So many have chased the feeling to death. Scientists have tried to engineer the euphoria and intelligence in a pill for the richest of the rich.
But it's dangerous. And really, it doesn't compare.
In this day and age, it's a common folk tale. A myth. Taught in history classrooms, in literature too- oh, the sheer romance of it. Professors swoon at uninterested students snapping gum and looking bored.
They don't care about what doesn't concern them.The subject of soulmates is laughable to them.
Oh- oh it's real they say.
It's real, sure. No one will dispute that. It's happened before. Ordinary humans changed within an instant. No one knows why, or how. They don't know how a highschool dropout can communicate in every language known to man- dead and lost included, mere minutes after handing over a fast food receipt.
They're stronger, smarter, and more perceptive once they've met their soulmate. More compassionate too, it seems.
But the catch is, you have to touch the hand of your soulmate to see it all. To know.
Statistics are not in anyone's favor. You can say 'small world!’ all you want, but the population is up there, nearly 8 billion now. Take the seas into consideration, the miles separating city from rural lands, and the restless spirit of humans- it's harder than hitting the jackpot.
No one has time to go and touch the hand of every person they come across, though it's not uncommon to see small children, whimsical and hopeful glide along, giggling as they brush the hands of everyone they pass.

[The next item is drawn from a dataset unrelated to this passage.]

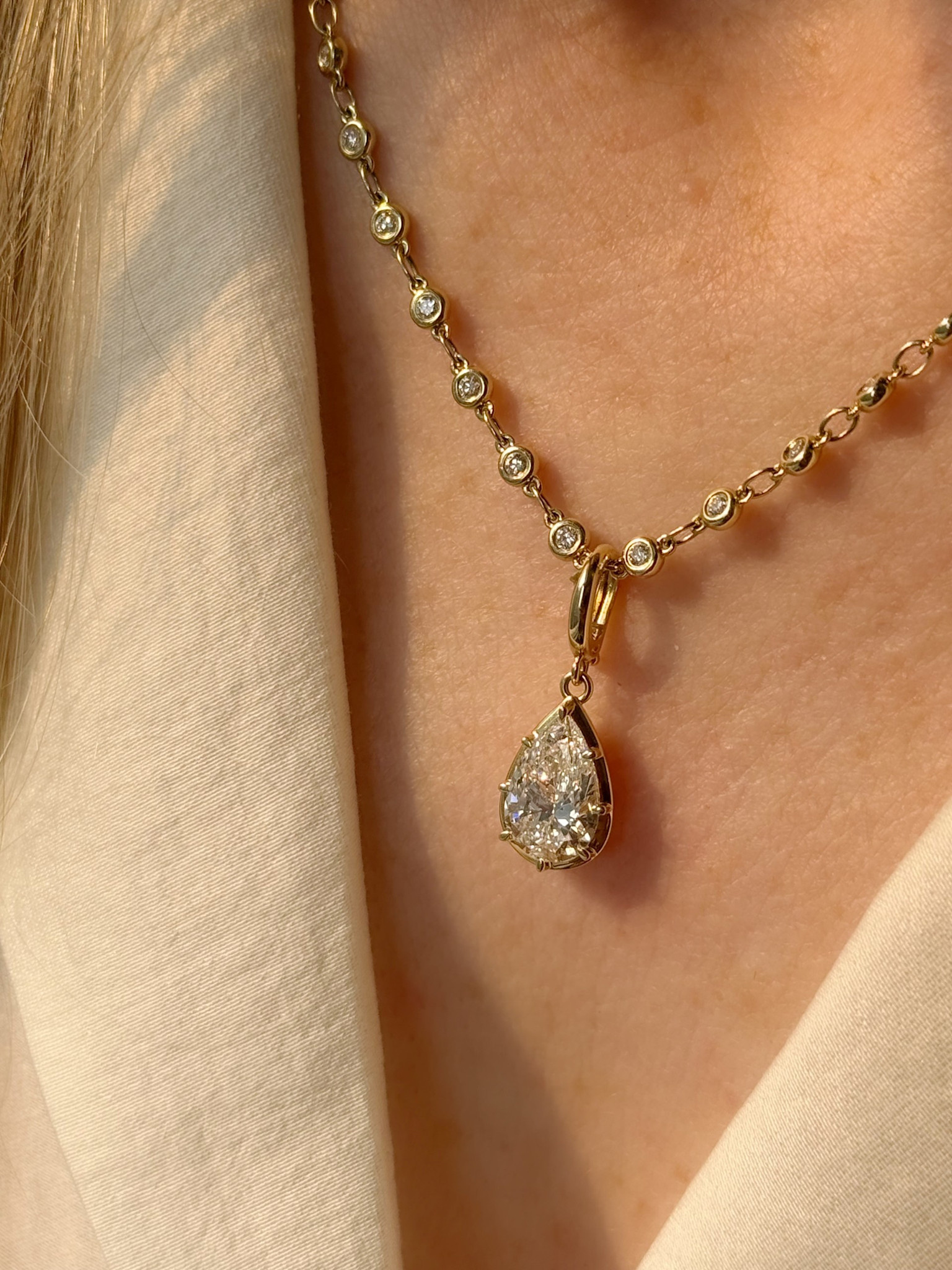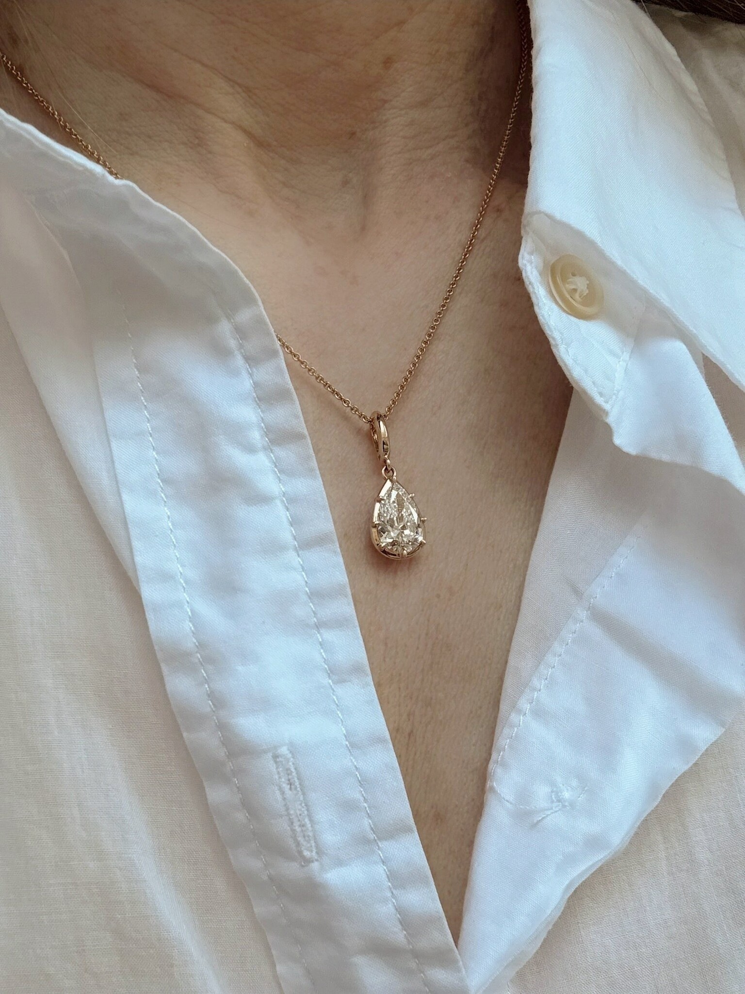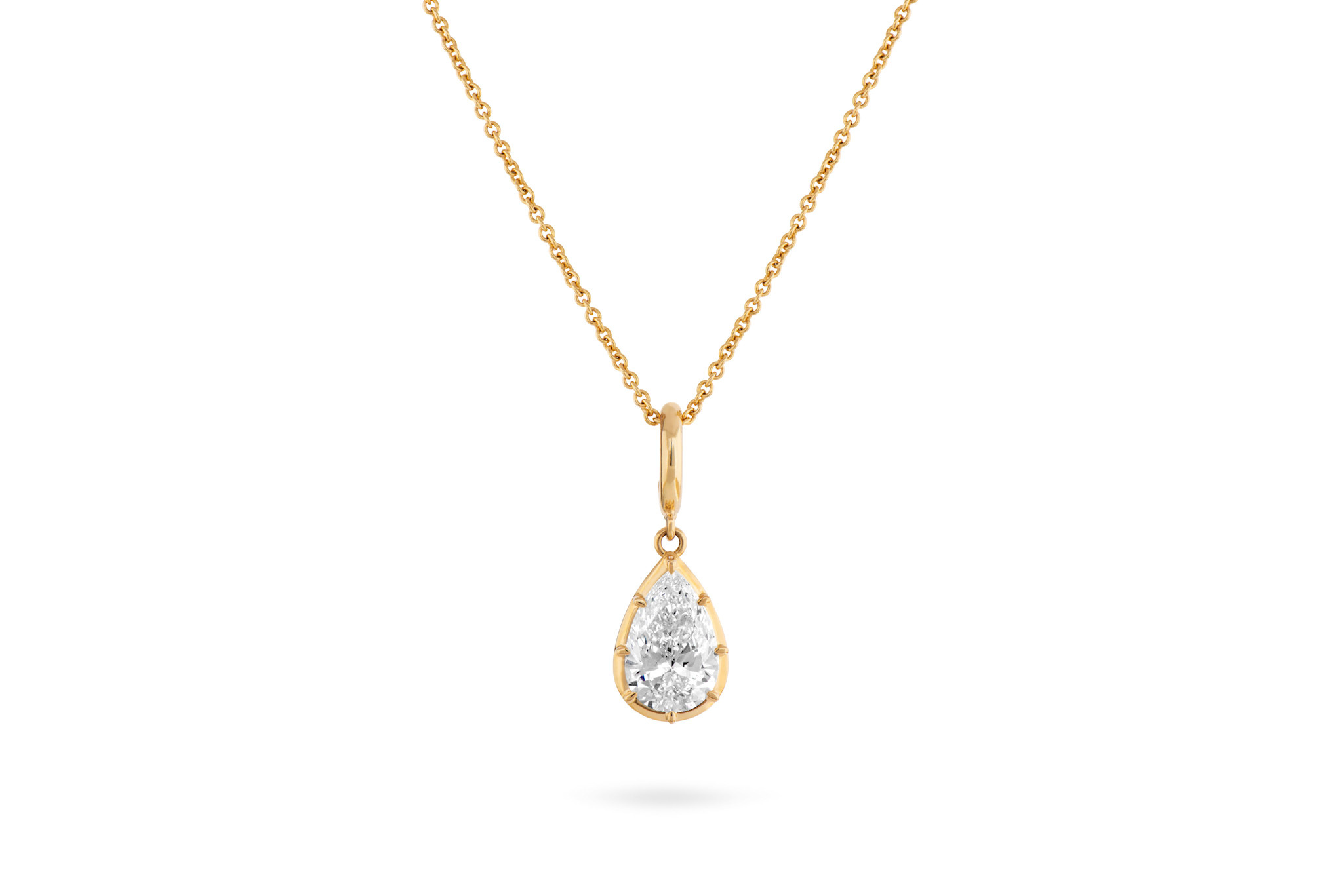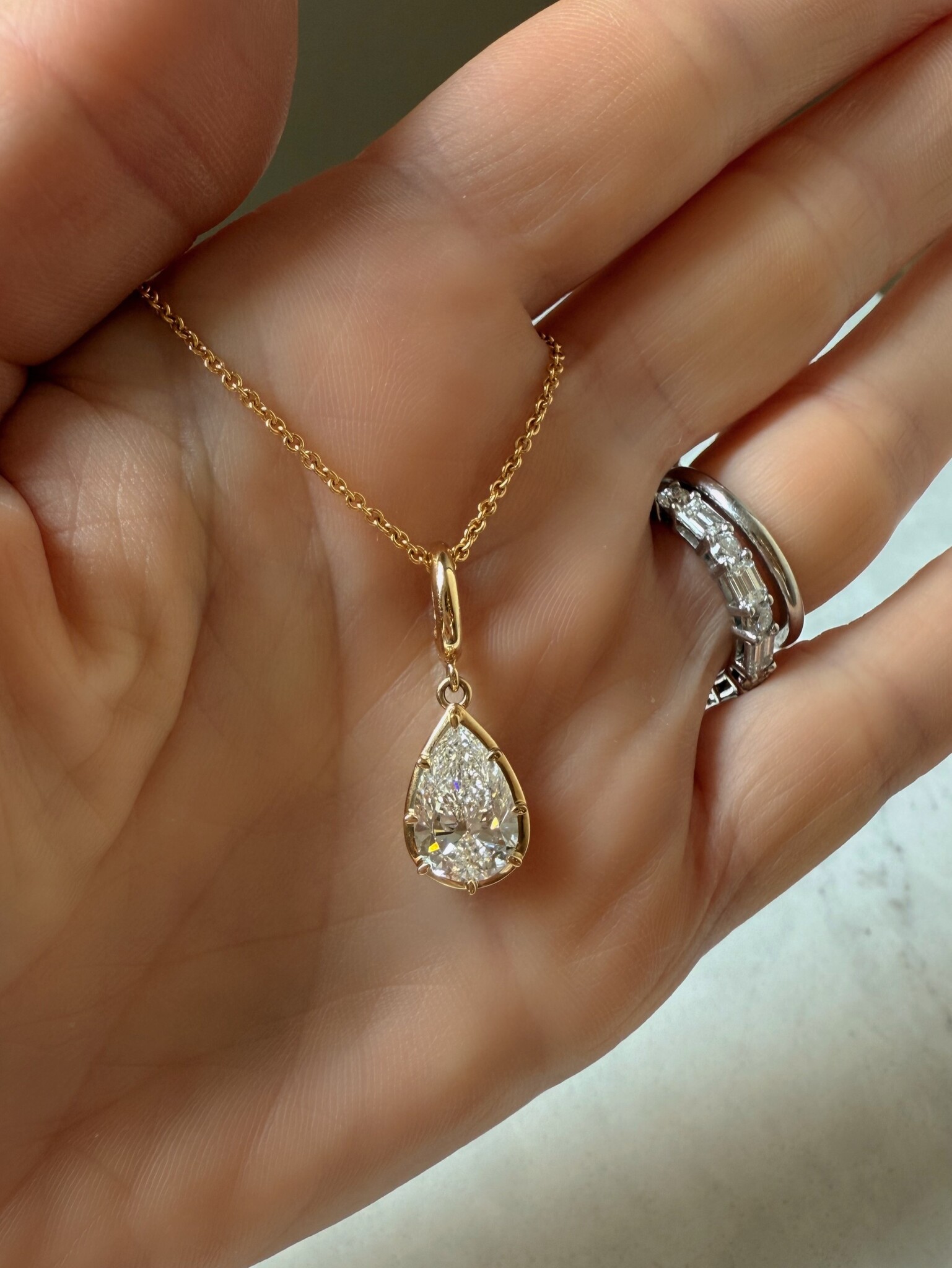 LAB created pear shape diamond button back pendant of classic styling. The pendant is crafted in a combination of 14k white and yellow gold and is suspended by an enhancer style bale. It is set with one lab created, pear shaped diamond at center with a weight of 2.00ct. This diamond has clarity of VS-2 and color of F, with an excellent cut. It is six claw set in yellow gold in a button back design. The necklace that suspends the pendant is crafted in 14k yellow gold, measures 18 inches in length and is rolo link in style.

A children's schoolground game. There are nursery rhymes about it too, but Dana doesn't have her head in the clouds, doesn't pay any mind.
She isn't like the children and preteen girls singing and daydreaming of enlightenment and the truest, purest form of love.
She's a realist. She gets up, grooms, shoves half a bagel in her mouth, maybe burns herself with coffee on her commute to work.
People love, people marry, and she thinks she gets along just fine with the knowledge her brain holds now. She isn't interested in soulmates. It never even crosses her mind.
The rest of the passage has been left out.